Instructions for Pre-Clearance of Transactions in Company Securities
You must follow this format when you send your email to compliance@aixcrypto.ai.
| 1. | If you are purchasing or selling shares on the open market, place the following in the subject line of your email, as applicable: “Pre-Clearance Request - Purchase of Shares” or “Pre-Clearance Request - Sale of Shares” |
The body of the email should contain the following:
| ○ | Number (or dollar value) of shares that you want to purchase or sell; | |
| ○ | If a sale, the source and purchase date of the shares proposed to be sold; and | |
| ○ | Estimated purchase or sale date (which must be completed within two trading days of receiving trading approval). |
| 2. | If you are exercising options, place the following in the subject line of your email: “Pre- Clearance Request - Exercise of Options” |
The body of the email should contain the following:
| ○ | Option number | |
| ○ | Option price | |
| ○ | Grant date | |
| ○ | Number of shares that you are interested in exercising | |
| ○ | Estimated sale date | |
| ○ | “Exercising and Selling” or “Exercising and Holding” |
| 3. | If you are requesting to enter into any other transactions in Company securities, place the following in the subject line of your email: “Pre-Clearance Request – Other Transaction” |
The body of the email should contain the following:
| ○ | Brief description of transaction (e.g., pledge of shares for loan) | |
| ○ | Number of shares involved in the transaction | |
| ○ | Estimated date of transaction | |
| ○ | Other material terms of proposed transaction |
All Pre-Clearance Requests must contain the following representation: “I represent that I am not in possession of material nonpublic information concerning the Company or its securities.”

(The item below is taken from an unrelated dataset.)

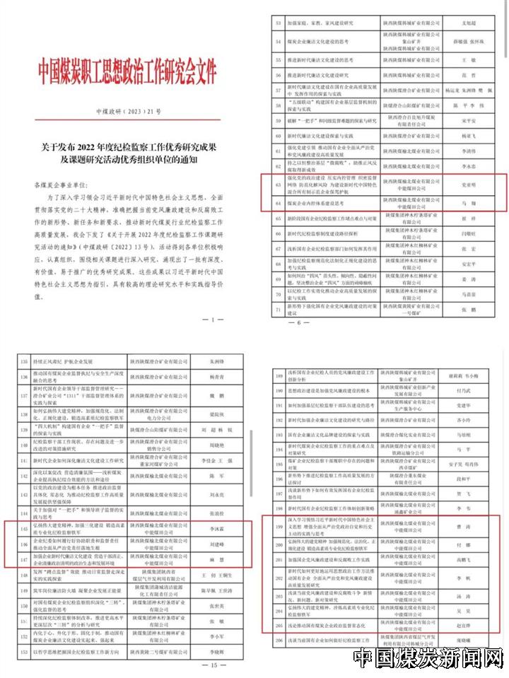 | 喜讯!陕西中能煤田有限公司12篇纪检监察工作研究成果获中煤政研会表彰 | |||

Please note that the ultimate responsibility for compliance with the federal and state securities laws rests with you, and that the clearance of any proposed transaction should not be construed as a guarantee that you will not later be found to have been in possession of material nonpublic information or to have violated applicable law in connection with any particular transaction in Company securities.